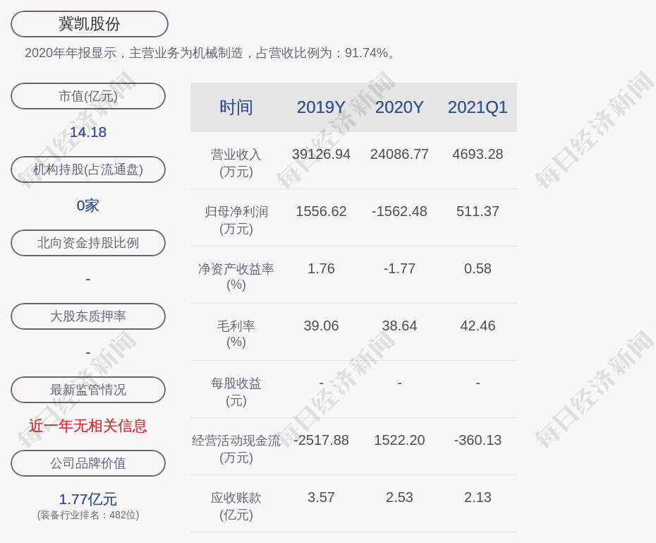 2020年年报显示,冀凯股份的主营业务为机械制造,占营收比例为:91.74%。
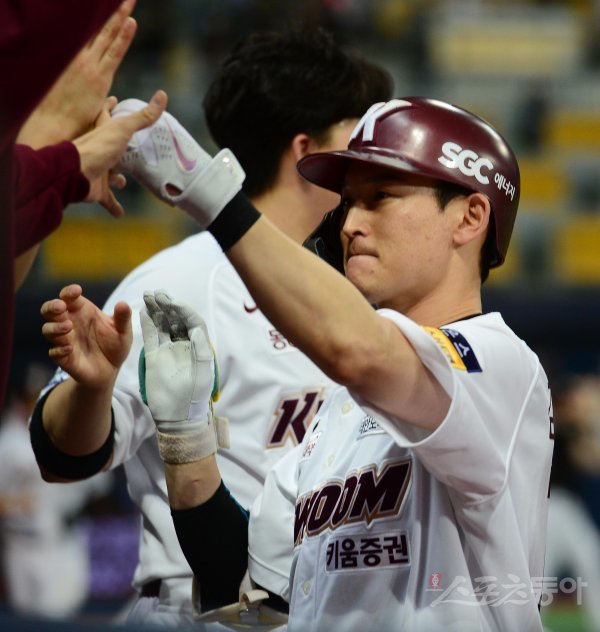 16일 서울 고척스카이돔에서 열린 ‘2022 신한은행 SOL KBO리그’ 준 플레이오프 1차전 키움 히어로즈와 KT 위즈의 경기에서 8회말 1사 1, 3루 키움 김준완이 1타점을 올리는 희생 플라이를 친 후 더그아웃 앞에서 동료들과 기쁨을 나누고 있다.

---

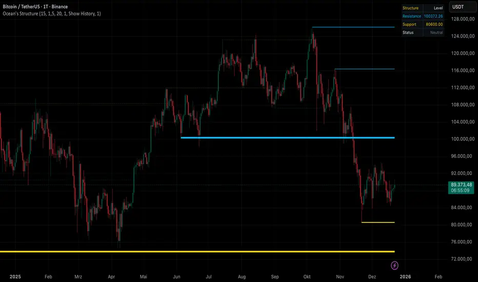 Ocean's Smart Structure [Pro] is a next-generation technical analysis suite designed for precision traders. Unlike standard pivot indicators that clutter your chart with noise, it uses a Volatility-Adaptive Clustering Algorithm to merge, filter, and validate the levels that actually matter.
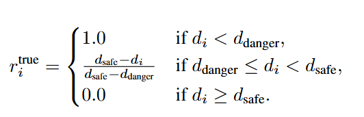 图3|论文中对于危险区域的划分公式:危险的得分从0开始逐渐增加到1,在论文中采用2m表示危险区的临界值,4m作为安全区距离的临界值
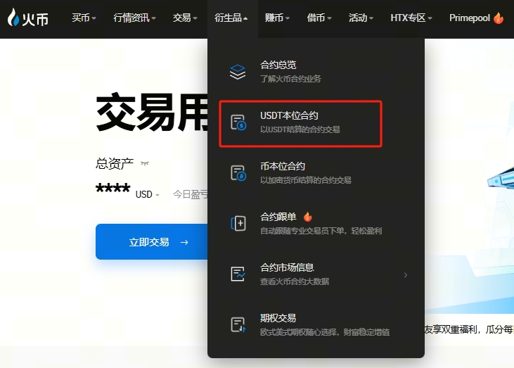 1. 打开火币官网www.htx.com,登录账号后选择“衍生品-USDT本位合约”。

Description of the task: Please print the lines above word for word, starting at the one with "Ocean's Smart Structure" and ending at the one with "1. 打开火币官网www.h", both included, and without any picture.

Problem solution:
 Ocean's Smart Structure [Pro] is a next-generation technical analysis suite designed for precision traders. Unlike standard pivot indicators that clutter your chart with noise, it uses a Volatility-Adaptive Clustering Algorithm to merge, filter, and validate the levels that actually matter.
 图3|论文中对于危险区域的划分公式:危险的得分从0开始逐渐增加到1,在论文中采用2m表示危险区的临界值,4m作为安全区距离的临界值
 1. 打开火币官网www.htx.com,登录账号后选择“衍生品-USDT本位合约”。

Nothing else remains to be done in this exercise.